§ **Data section**:

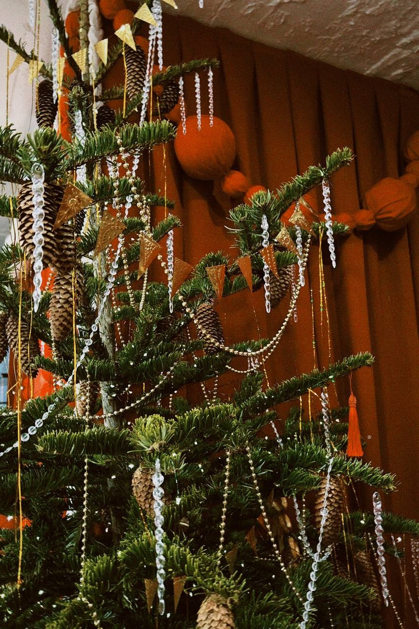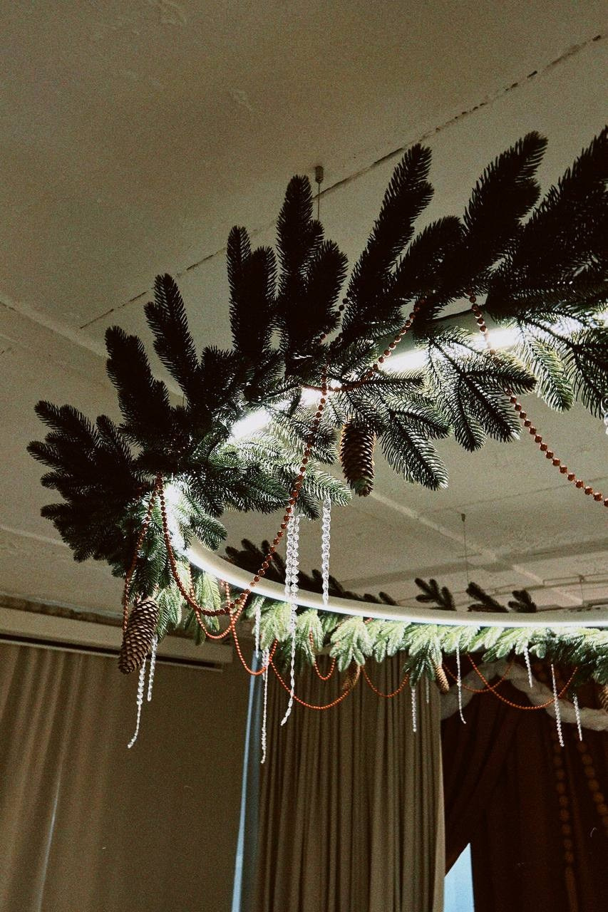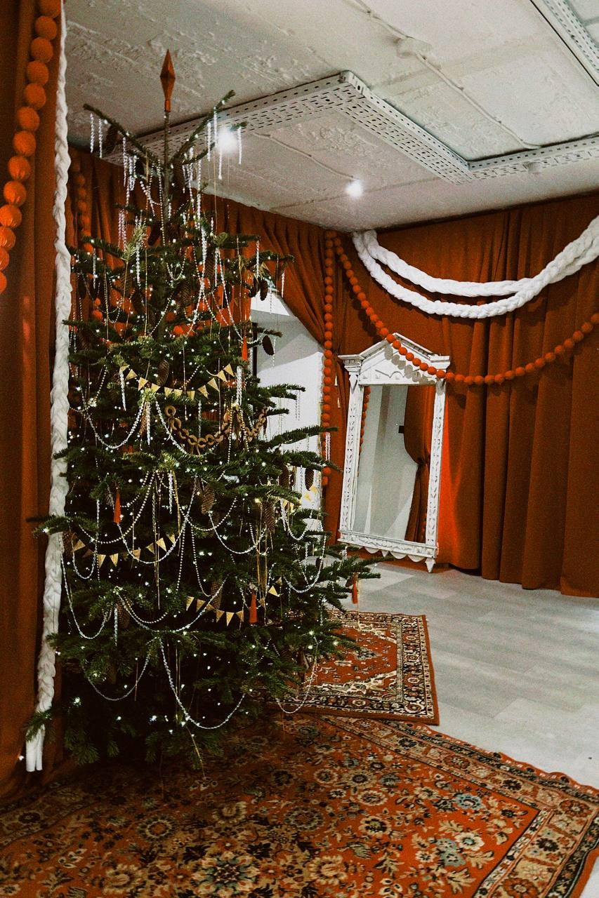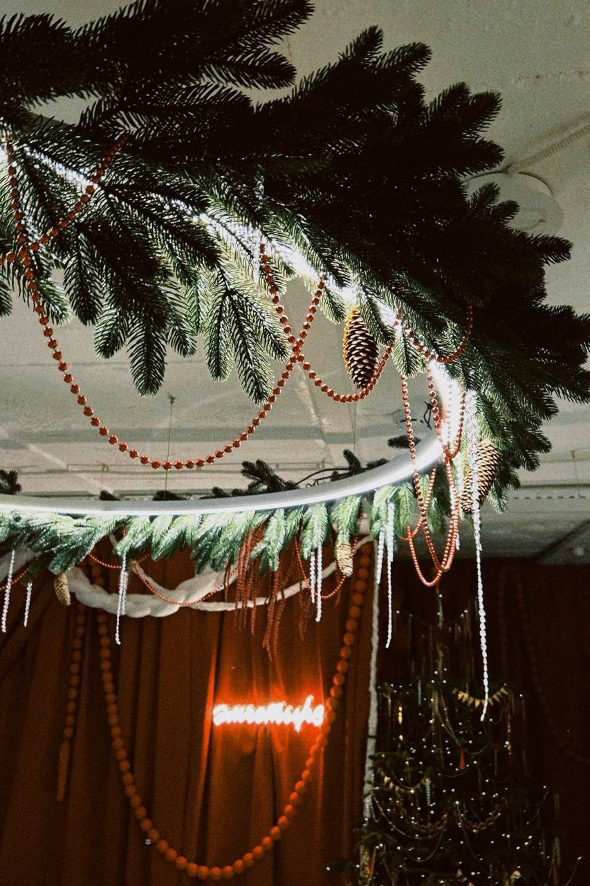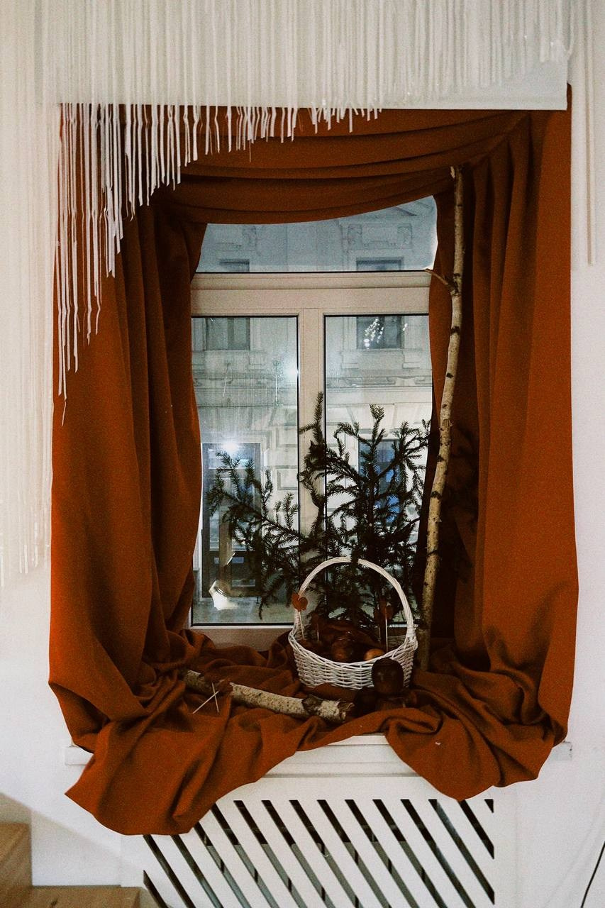 Было сделано: Стены обшиты тканью, сделан декор косы, гирлянды из латуни и сушек, бусы и косы, так же, сделаны в ручную. Созданы композиции на подоконниках — яблоки, корзина, леденцы. Украшена живая ель. Дождиком оформлены зоны, украшена центральная люстра
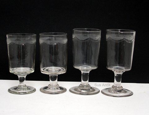 Snapseglas med Gustav III og Christian IV gravering. Gustav III. Højde 16,5 cm. Pris: 150 kr. stk. Lager: 2 Christian IV. Højde 16 cm. Pris: SOLGT
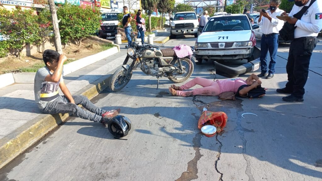 Un hombre y una mujer que se desplazaban a bordo de una motocicleta, resultaron con lesiones de consideración luego de ser impactados por un automóvil del servicio público, en los carriles de circulación de norte a sur, de la avenida Insurgentes, justo frente al mercado BRLM.

§ **What you should do**: Retype all the material word for word while skipping any picture it contains.

§ **Output**:
 Было сделано: Стены обшиты тканью, сделан декор косы, гирлянды из латуни и сушек, бусы и косы, так же, сделаны в ручную. Созданы композиции на подоконниках — яблоки, корзина, леденцы. Украшена живая ель. Дождиком оформлены зоны, украшена центральная люстра
 Snapseglas med Gustav III og Christian IV gravering. Gustav III. Højde 16,5 cm. Pris: 150 kr. stk. Lager: 2 Christian IV. Højde 16 cm. Pris: SOLGT
 Un hombre y una mujer que se desplazaban a bordo de una motocicleta, resultaron con lesiones de consideración luego de ser impactados por un automóvil del servicio público, en los carriles de circulación de norte a sur, de la avenida Insurgentes, justo frente al mercado BRLM.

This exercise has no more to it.